This post will walk through a Bayesian treatment of coin flipping. Yes, yes, this has been done a billion times on the internet and in every probability textbook ever written, but I’m doing it again here because 1) this is for future me as a reference, and, 2) I think I’m better than all those other resources at explaining it (okay fine I’m not) – but specifically, I’ll be as explicit as possible with both math and code throughout, show derivations, etc.
Let’s say we have a sequence of \(n\) coin flips, and trying to determine what will happen next.
One natural way is to count the number of heads so far, divide it by the total, and use this as our probability estimate \(\hat{\theta}\) of the next flip being a head.
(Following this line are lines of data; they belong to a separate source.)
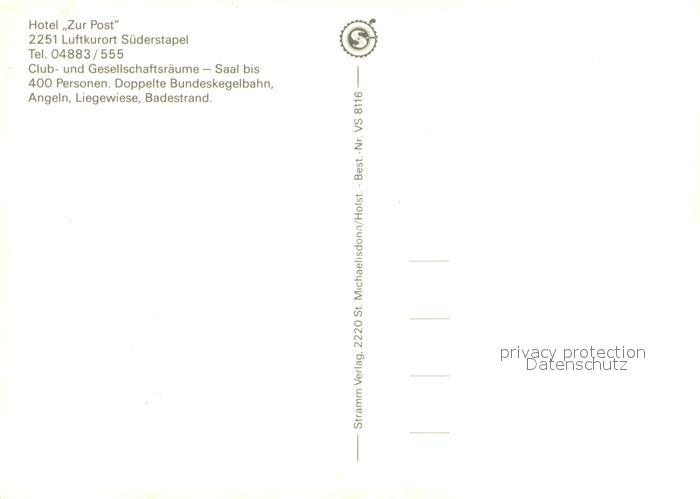 73730588 Suederstapel Hotel Zur Post postalisch nicht gelaufen Erhaltung siehe scans [LiesaD40] KatCode: 11110001059085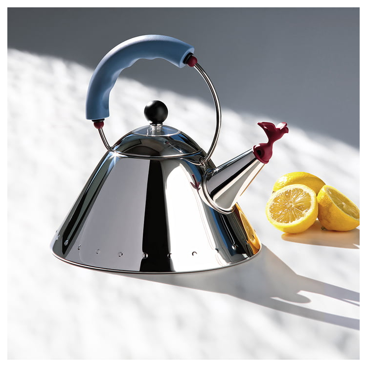 Nerezová konvice je dílem amerického designéra Michaela Gravese, který ji v roce 1984 navrhl pro italskou značku Alessi. Ikonická konvice získala patent na své estetické vlastnosti a stala se nejprodávanější konvicí celé značky. Kryt rukojeti, knoflík i píšťalka jsou vyrobeny z termoplastické pryskyřice. Magnetické ocelové dno je vhodné na všechny tepelné zdroje včetně indukce. Ovšem doporučuje se konvici nepoužívat na plameni větším než je sama konvice a při ohřívání na plynovém sporáku použít ochranou plotýnku před přímým žárem z plamenů do dna nádoby.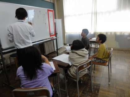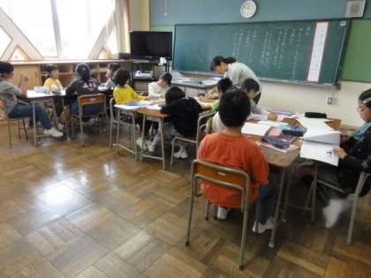 国語科では、3年生と4年生が学習課題について、自分の考えをノートに書きました。グループやペアの友達と話し合い、考えをまとめています。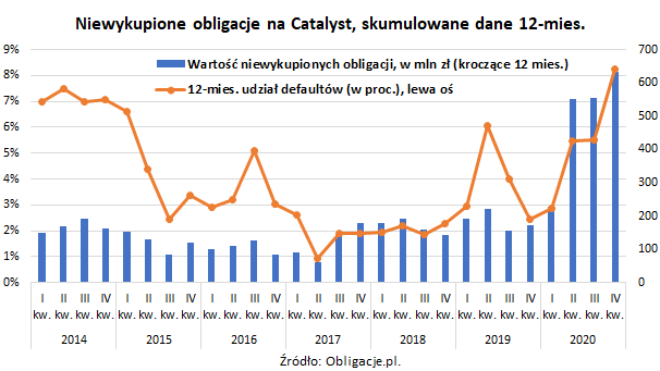Notowane na Catalyst firmy nie spłaciły w ubiegłym roku obligacji wartych 631,8 mln zł. To kwota stanowiąca 8,2 proc. zapadających w tym czasie papierów wobec okolic 2-3 proc. w latach 2016-2019 i 7 proc. w najgorszym dotychczas 2014 r. W minionym roku średnio co dziesiąta seria wygasającego złotowego długu kończyła się brakiem wykupu.
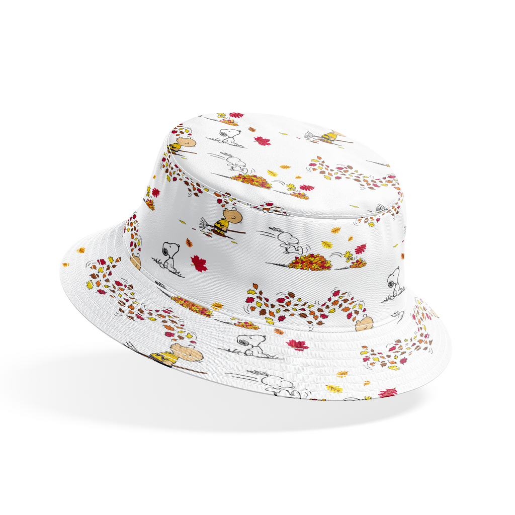 This adorable Peanuts autumn leaf toss features Charlie Brown and Snoopy enjoying fall activities with colorful leaves and leaf piles - perfect for seasonal decor or nostalgic fans.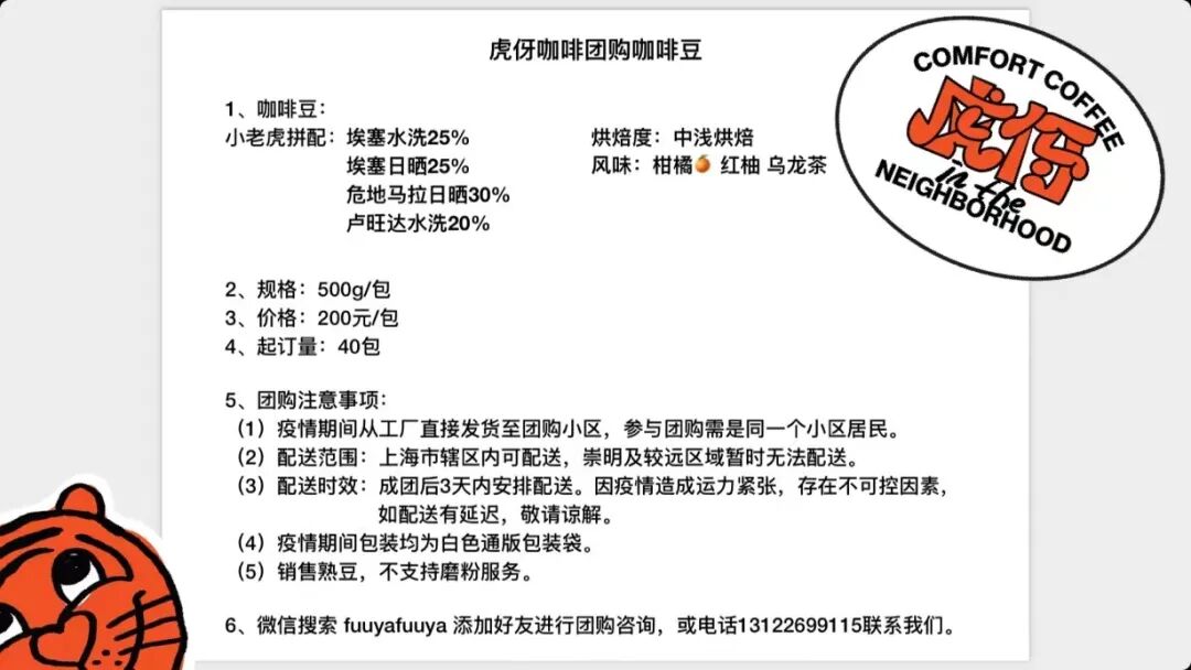 我们联系了工厂,可以直接发咖啡豆到小区,一个地址20包起订。因为上海疫情影响,未来很长一段时间会不能堂食,解封后我们会专注于线上的外卖,希望可以出一些不到店也可以感受到有趣体验的方式吧。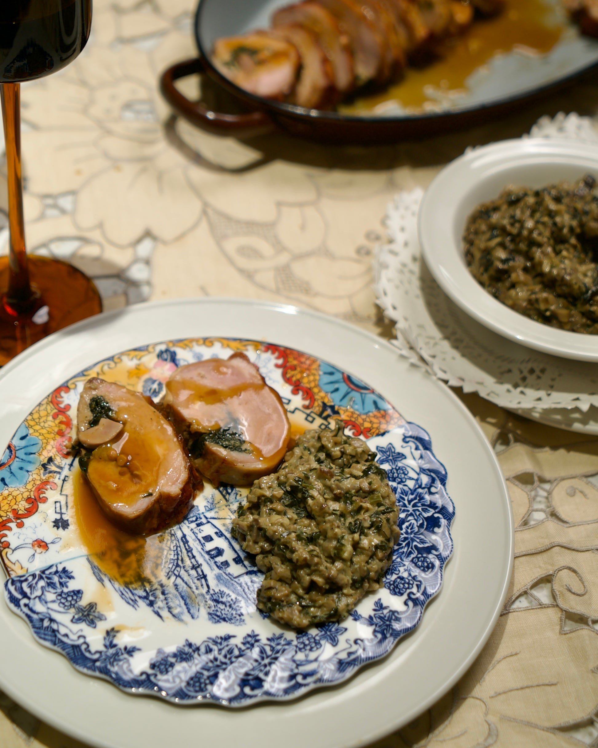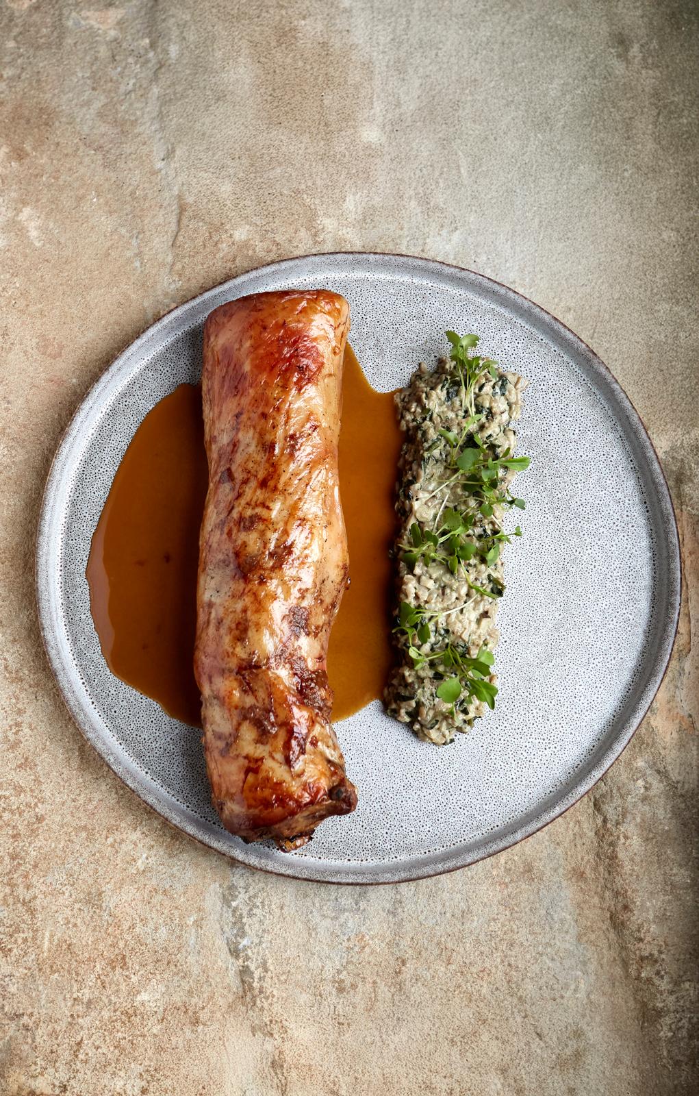 Pierna de Cordero Lechal Rellena de Hermanos Manzano asada y rellena de mollejas y riñones del propio lechal, espinacas, piñones y puerro. Un plato festivo para disfrutar en la mesa. Elaborada con corderos lechales de raza churra criados junto a sus madres en Dehesa La Guadaña (Labadía Petramora), se alimentan solo de leche materna, lo que hace que tengan una carne suave y muy jugosa.

So if we saw 16 heads in 20 flips, we’d say the probability of seeing the next one turn up heads is \(\hat{\theta} = 16/20 = 0.8\). (In fact, this is the maximum likelihood estimate (MLE) of the probability of seeing a head, which we can compute in a little more principled way, which I’ll save for later.)
One problem with this arises with smaller numbers – after two flips, both heads, are we really saying we’re 100% sure the next will be a head too? Obviously not. Another is we have no clear way of incorporating any prior knowledge of unfairness into the estimate.
Overall, this is the frequentist approach. There are ways to adjust for small numbers, and bias, but to me they seem a little ad hoc. Another way is to use a Bayesian approach.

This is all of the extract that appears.